Customer experience management (CEM) emerged as the top driver of service provider IT investments in 2014, according to Ovum’s ICT Enterprise Insights report. Senior IT professionals are reporting a long-term shift in spending towards customer-focused processes and systems with the specific goal of improving customer satisfaction. As the market for connected services and applications explodes, service providers are adjusting their approach to customers and engaging partners to meet demand and deliver content.

Communication networks and service providers have crossed a threshold from delivering unique, innovative technology to that of delivering necessary infrastructure. Communications is now an integral part of every business and home and as important as power, buildings and machinery. This changes the relationship between customers and service providers. Quality is the only metric that matters in future service provider operations. The quality of the product, support, devices, applications, activation, billing, website and every other aspect of a user’s experience will contribute to their decision to stay with a provider or churn. Connectivity is only part of the product.

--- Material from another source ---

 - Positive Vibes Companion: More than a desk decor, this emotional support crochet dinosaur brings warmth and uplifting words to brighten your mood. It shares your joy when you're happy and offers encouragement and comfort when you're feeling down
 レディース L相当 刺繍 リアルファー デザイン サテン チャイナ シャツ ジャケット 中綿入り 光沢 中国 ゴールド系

If network access is assumed and connectivity is commoditized, the only differentiator for competing service providers, over-the-top providers, and content providers is customer experience. Lines are blurred between services and applications, but one thing is certain – across all networks and all devices – customers want video.


In order for service providers to ensure a quality customer experience, monetize video services, and optimize existing investments in infrastructure and systems, they need to do a better job of understanding and monitoring the performance of video infrastructure and services.

Video is Visceral

Unlike most connected services and applications, video requires more customer engagement for a longer period of time and as customers become engrossed in a favorite movie or live sporting event, there’s nothing worse than a picture that jumps, stalls, or disappears completely. Maintaining quality of service (QoS) across multiple screens for the duration of live or streaming video programming is more complex than assuring voice or data services.

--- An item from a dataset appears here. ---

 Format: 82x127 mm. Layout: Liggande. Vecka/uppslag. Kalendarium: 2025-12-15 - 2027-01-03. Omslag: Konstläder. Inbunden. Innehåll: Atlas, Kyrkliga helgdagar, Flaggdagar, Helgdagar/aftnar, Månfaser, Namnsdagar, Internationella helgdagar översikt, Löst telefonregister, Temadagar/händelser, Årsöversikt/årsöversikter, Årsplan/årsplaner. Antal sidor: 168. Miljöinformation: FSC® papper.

Customers view video on anything from a two inch smart phone to a 70+ inch flat screen; and because the screens are top quality, expectations are that the video viewing experience will be as well. Across these various screens, service providers must maintain an acceptable level of quality. And yet, what passes for acceptable on a smartphone is entirely different than what customers expect to see on the big screen in their living room. By understanding what device is in use, what network is in use, and what content is being viewed, service levels can be maintained for each individual viewing experience.

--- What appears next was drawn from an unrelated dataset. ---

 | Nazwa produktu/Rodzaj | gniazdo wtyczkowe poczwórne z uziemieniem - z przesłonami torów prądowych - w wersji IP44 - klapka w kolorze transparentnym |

For service providers, ensuring a quality customer experience when using video takes specialized tools that measure a multitude of video-specific quality metrics. Using advanced analytics, service providers can understand the unique factors that affect video service delivery and performance. Analytics is a broad capability that can be applied to any business function, process or data source. However, when using analytics to predict video service quality, the very broad and very complex must be focused on tactical processes and actionable outcomes.